• **Directions for this task**
An exact reproduction of the records is required. Images must be left out.

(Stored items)
Content starts

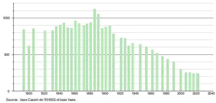 L'évolution du nombre d'habitants est connue à travers les recensements de la population effectués dans la commune depuis 1793. Pour les communes de moins de 10 000 habitants, une enquête de recensement portant sur toute la population est réalisée tous les cinq ans, les populations de référence des années intermédiaires étant quant à elles estimées par interpolation ou extrapolation[17]. Pour la commune, le premier recensement exhaustif entrant dans le cadre du nouveau dispositif a été réalisé en 2006[18].
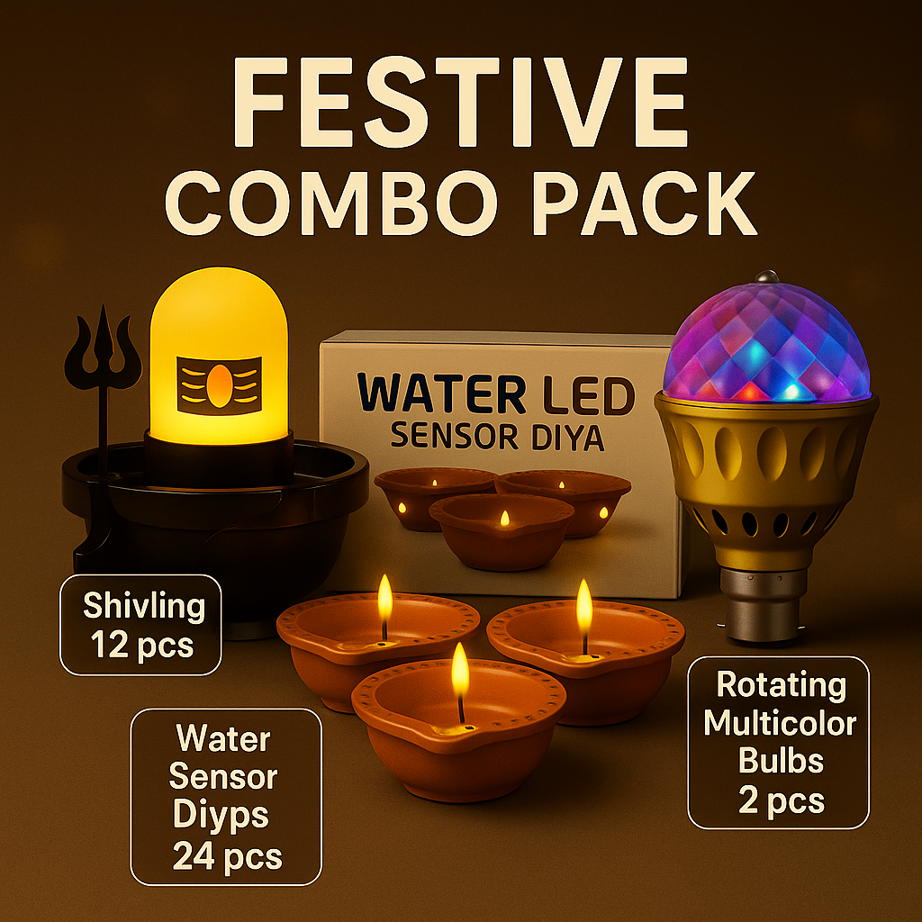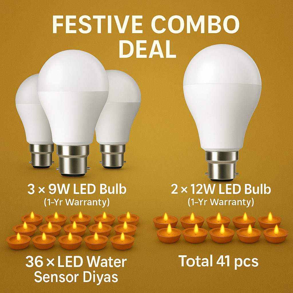 Festive Combo Deal – 3× 9W LED Bulb (1-Yr) + 2× 12W LED Bulb (1-Yr) + 36× Water-Sensor Diyas (Total 41 pcs)
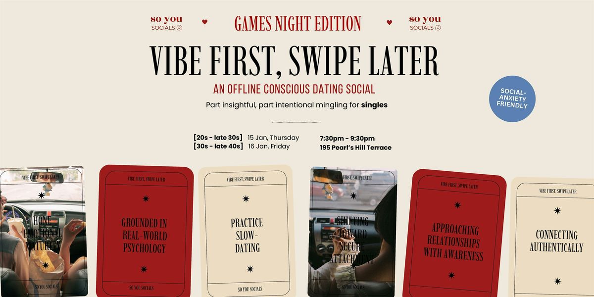 Vibe First, Swipe Later is a conscious dating social — part insightful, part intentional mingling. This event is grounded in attachment theory and real-world psychology.
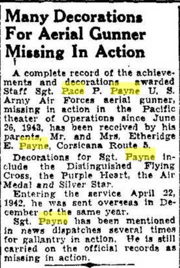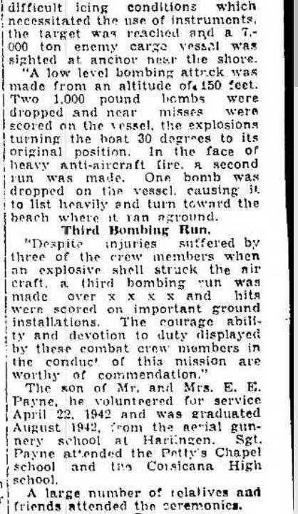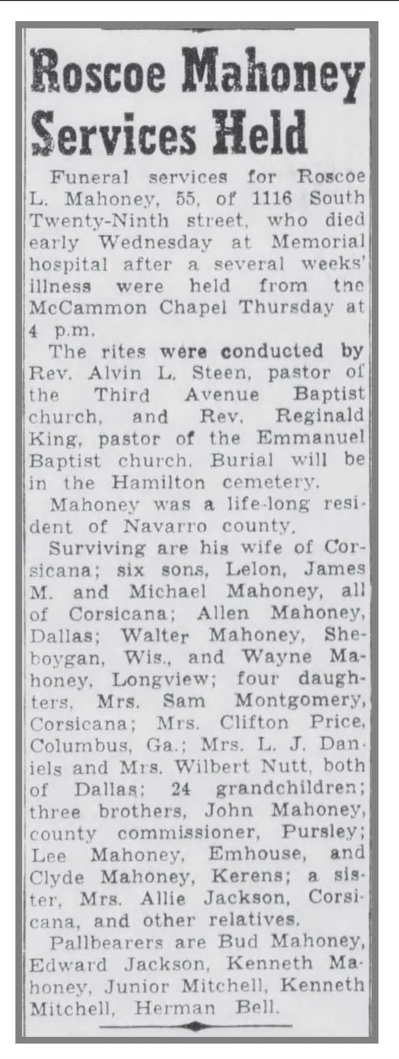 Kerens, Texas. Married Carol Spratling on May 27, 1947 in
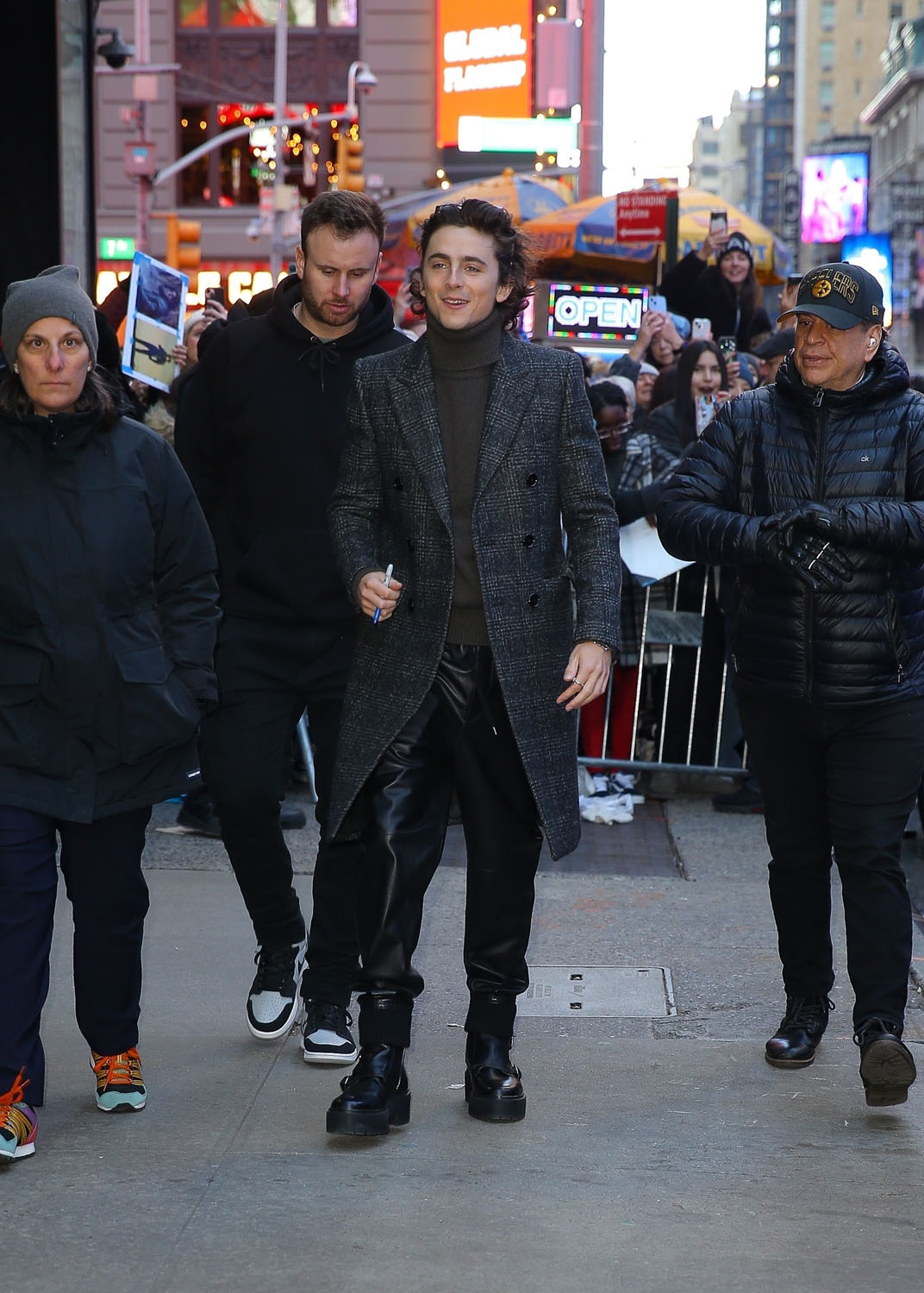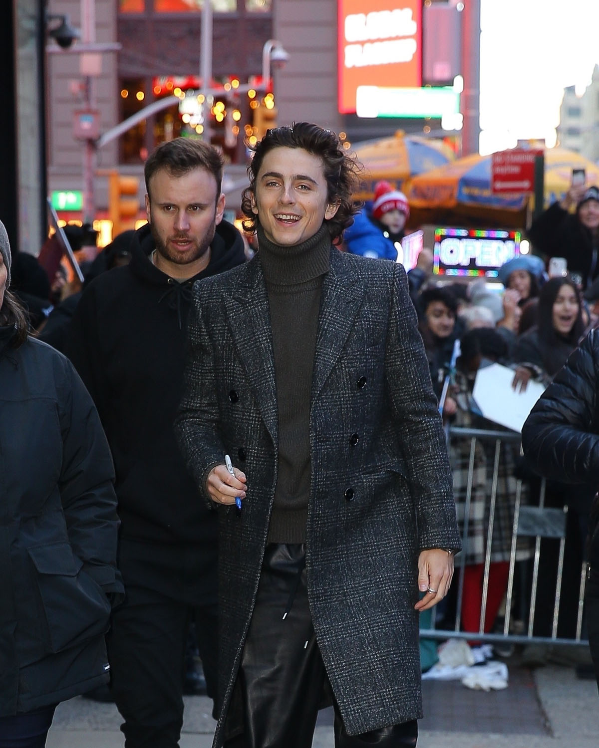 This is the power of BLACKPINK. They can charm the most notorious curmudgeon. When the conversation turns to Timothée Chalamet, however, salty Hugh is back and there’s a whole bit near the end of the interview when Timmy makes a cameo where Hugh mocks his Frenchness and whatever and I’m really only telling you this so that I can show you these shots of Timmy at Good Morning America yesterday. Timmy has been back and forth and everywhere these last few weeks on promotion.
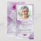 On the back, against the same serene purple and white watercolor wash background, there is ample space for funeral poems, verses, prayers, and a heartfelt thank-you message. This card becomes a poignant keepsake, embodying the cherished memories shared among family and friends.
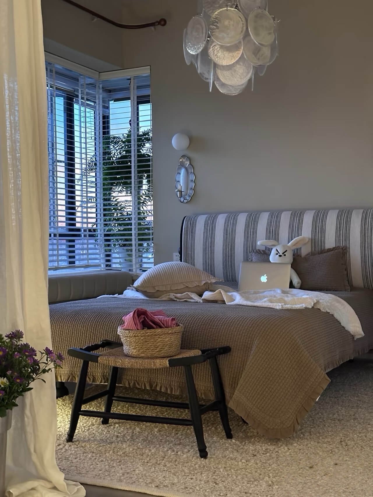 The afternoon sun becomes a special character in this winter home drama. It streams in, warming the room and highlighting the gentle colors and textures within. This is a space designed for slowing down and savoring the simple pleasures of winter. Whether you’re waking up in the morning, taking a nap in the afternoon, or enjoying a drink in the evening, the room adapts to your mood, offering a sense of comfort and freedom that’s hard to find elsewhere.
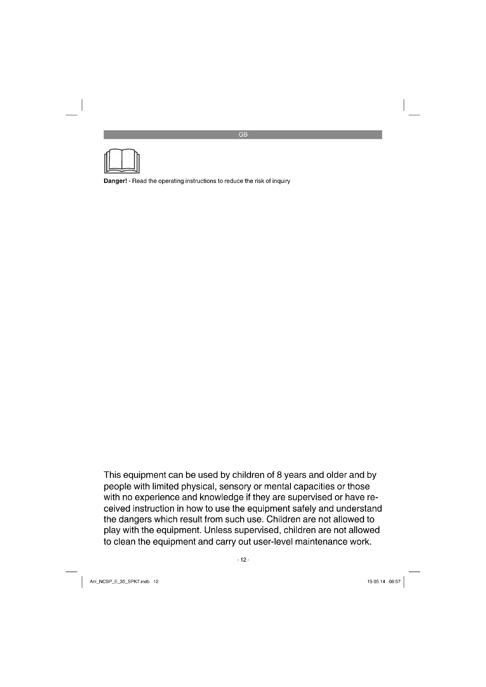 Danger! - Read the operating instructions to reduce the risk of inquiry This equipment can be used by children of 8 years and older and by people with limited physical, sensory or mental capacities or those with no experience and knowledge if they are supervised or have re- ceived instruction in how to use the equipment safely and understand the dangers which result from such use. Children are not allowed to play with the equipment. Unless supervised, children are not allowed to clean the equipment and carry out user-level maintenance work. Anl_NCSP_E_35_SPK7.indb 12Anl_NCSP_E_35_SPK7.indb 12 15.05.14 08:5715.05.14 08:57GB
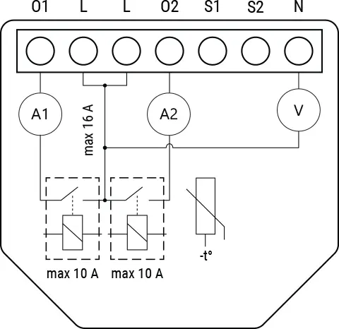 | Corrente máxima de comutação AC | 10 A (por canal), 16 A (total), 18 A (pico) |

Content ends

• **Exercise result**
 L'évolution du nombre d'habitants est connue à travers les recensements de la population effectués dans la commune depuis 1793. Pour les communes de moins de 10 000 habitants, une enquête de recensement portant sur toute la population est réalisée tous les cinq ans, les populations de référence des années intermédiaires étant quant à elles estimées par interpolation ou extrapolation[17]. Pour la commune, le premier recensement exhaustif entrant dans le cadre du nouveau dispositif a été réalisé en 2006[18].
 Festive Combo Deal – 3× 9W LED Bulb (1-Yr) + 2× 12W LED Bulb (1-Yr) + 36× Water-Sensor Diyas (Total 41 pcs)
 Vibe First, Swipe Later is a conscious dating social — part insightful, part intentional mingling. This event is grounded in attachment theory and real-world psychology.
 Kerens, Texas. Married Carol Spratling on May 27, 1947 in
 This is the power of BLACKPINK. They can charm the most notorious curmudgeon. When the conversation turns to Timothée Chalamet, however, salty Hugh is back and there’s a whole bit near the end of the interview when Timmy makes a cameo where Hugh mocks his Frenchness and whatever and I’m really only telling you this so that I can show you these shots of Timmy at Good Morning America yesterday. Timmy has been back and forth and everywhere these last few weeks on promotion.
 On the back, against the same serene purple and white watercolor wash background, there is ample space for funeral poems, verses, prayers, and a heartfelt thank-you message. This card becomes a poignant keepsake, embodying the cherished memories shared among family and friends.
 The afternoon sun becomes a special character in this winter home drama. It streams in, warming the room and highlighting the gentle colors and textures within. This is a space designed for slowing down and savoring the simple pleasures of winter. Whether you’re waking up in the morning, taking a nap in the afternoon, or enjoying a drink in the evening, the room adapts to your mood, offering a sense of comfort and freedom that’s hard to find elsewhere.
 Danger! - Read the operating instructions to reduce the risk of inquiry This equipment can be used by children of 8 years and older and by people with limited physical, sensory or mental capacities or those with no experience and knowledge if they are supervised or have re- ceived instruction in how to use the equipment safely and understand the dangers which result from such use. Children are not allowed to play with the equipment. Unless supervised, children are not allowed to clean the equipment and carry out user-level maintenance work. Anl_NCSP_E_35_SPK7.indb 12Anl_NCSP_E_35_SPK7.indb 12 15.05.14 08:5715.05.14 08:57GB
 | Corrente máxima de comutação AC | 10 A (por canal), 16 A (total), 18 A (pico) |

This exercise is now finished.